Thursday, April 18, 2019

Courage As Trials Keep Coming



Are you right now, today, facing a trial? It seems they come at us from every direction. Right? I mean all we want to do is share coffee with a friend and before we leave the house the phone rings with news that knocks us to our knees. When I take a look around I see so many going through different trials. All facing different seasons in their life. It seems just as one leaves another is waiting.

I have friends who are going through trials. My best friend is still grieving, five years now, the death of her son. Does it ever end? Does it get better or do you learn to live with the pain? Trials seem to gather in clusters and attack just when we think all is calm. In that calmness if we are not cautious we can live in fear of the next one to come. Been there? I know I have been. I lay awake at night thinking of what's coming next. Oh, to live in that fear is not good for us. It isn't living without faith or needing more faith. I have tired of hearing people say, "You need more faith." More faith? It isn't that I don't have faith. It's learning to trust and to be obedient to our Lord. Our walk is such a vast array of growth. It happens throughout our walk, but at different intervals. 
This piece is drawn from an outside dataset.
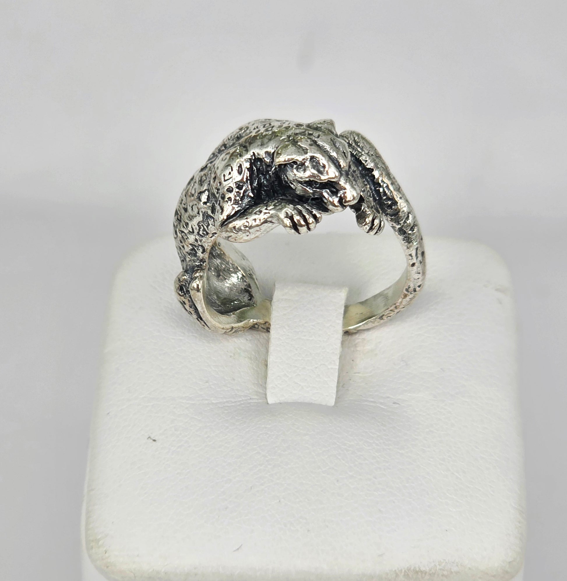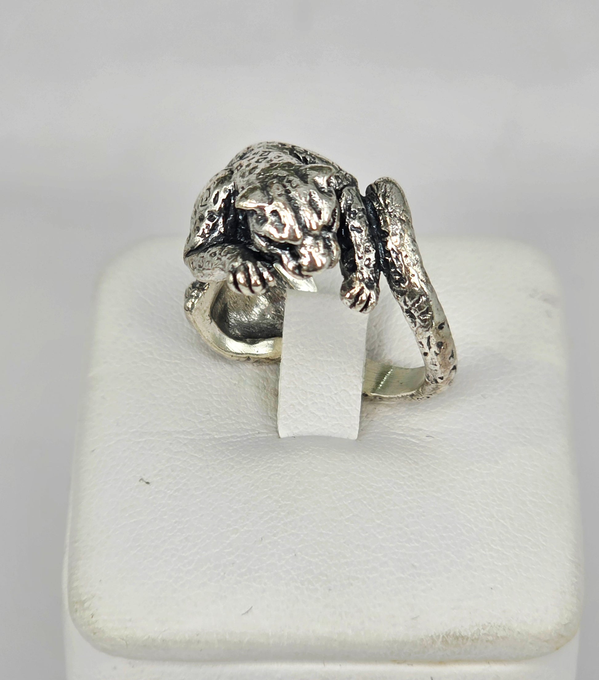 Anello in argento massiccio sapientemente lavorato a mano secondo la tradizione orafa italiana, che riproduce con straordinaria precisione i tratti distintivi di un leopardo. Questo pezzo unico rappresenta un'interpretazione sofisticata dello stile animalier, dove la maestria artigianale si unisce all'eleganza del design contemporaneo. La forma scultorea del felino conferisce carattere e personalità a chi lo indossa, rendendolo un accessorio versatile adatto a qualsiasi occasione e fascia d'età. Realizzato interamente a mano, ogni dettaglio riflette l'esperienza e la dedizione dell'artigiano, garantendo una qualità superiore e un'esclusività che solo i pezzi unici sanno offrire. Un'opera che combina l'arte della gioielleria con l'affascinante bellezza della natura.

Trials. They come in all different sizes and shapes. They come in all areas of our life. Always when we least expect them. But, really now, are we really ever in a place where we are expecting them? I mean we don't we wake to the sun is shining through our window and speak the words, "Okay, world, whatcha got for me today? Another trial? Send it on its way. I'm ready for a new one." 

But can we prepare? Here in Missouri we have tornadoes. They can come out of nowhere and put fear in the strongest of us. But we have lived here long enough that we can prepare for those storms. We designate areas to find shelter and safety. We gather candles and blankets. We make sure we have the things we need for a power outage. Do we know when it's going to hit? Sometimes the weather can forewarn us, but in the middle of the darkness many have no idea until they hear that roar. But we have done everything we know to do to prepare. 
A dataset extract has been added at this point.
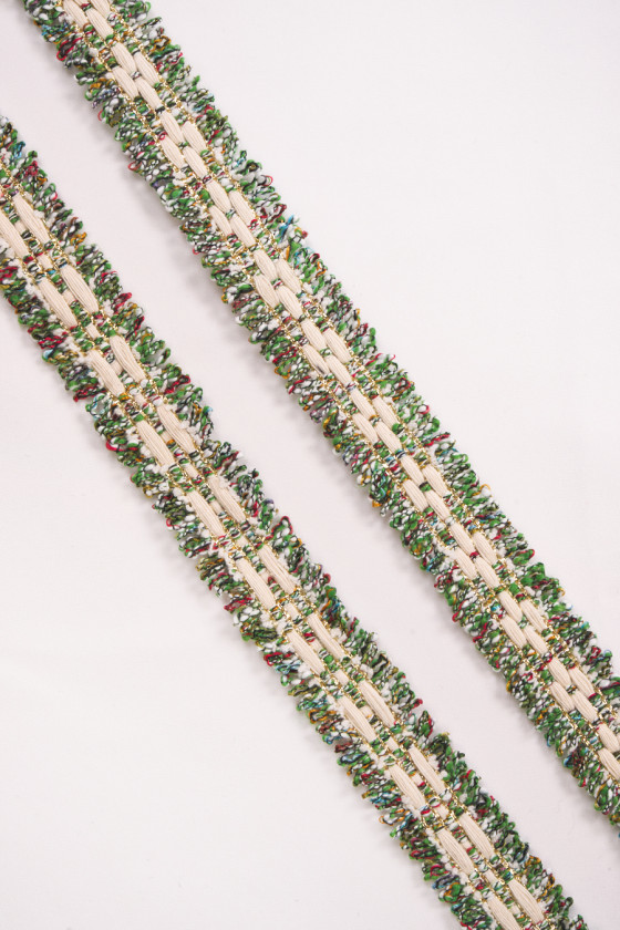 Itāļu galantērijas lente Chanel zaļa, 2,5 cm plata. Lente ir izgatavota dominējošās krāsās: zaļa, krēma, sarkana un dekorēta ar zelta lurex pavedienu. Ideāli piemērots chanel audumu apdarei.

"We are pressed on every side by troubles, but we are not crushed> We are perplexed, but not driven to despair. We are hunted down, but never abandoned by God. We get knocked down, but we are not destroyed. Through suffering, our bodies continue to share in the death of Jesus so that the life of Jesus may also be seen in our bodies." 2 Corinthians 4:8-10

It breaks my heart to see people hurting in such ways. It can cause us to question everything. We attend church. We read His Word. We serve. We try to make wise decisions. I mean we work hard and love big. Why? After awhile you just aren't sure if you can take another day, another trial, another falter in your steps. We start blaming ourselves. Blaming God. Right? But with the grace of God, with the strength of our Lord, and with a faith that cannot be moved, He will guide us through each one, give light so we can see, and give wisdom for us to know. For the One who gave His hand to make the universe, there is nothing too big for Him to face, and with Him on our side, what do we have to fear? 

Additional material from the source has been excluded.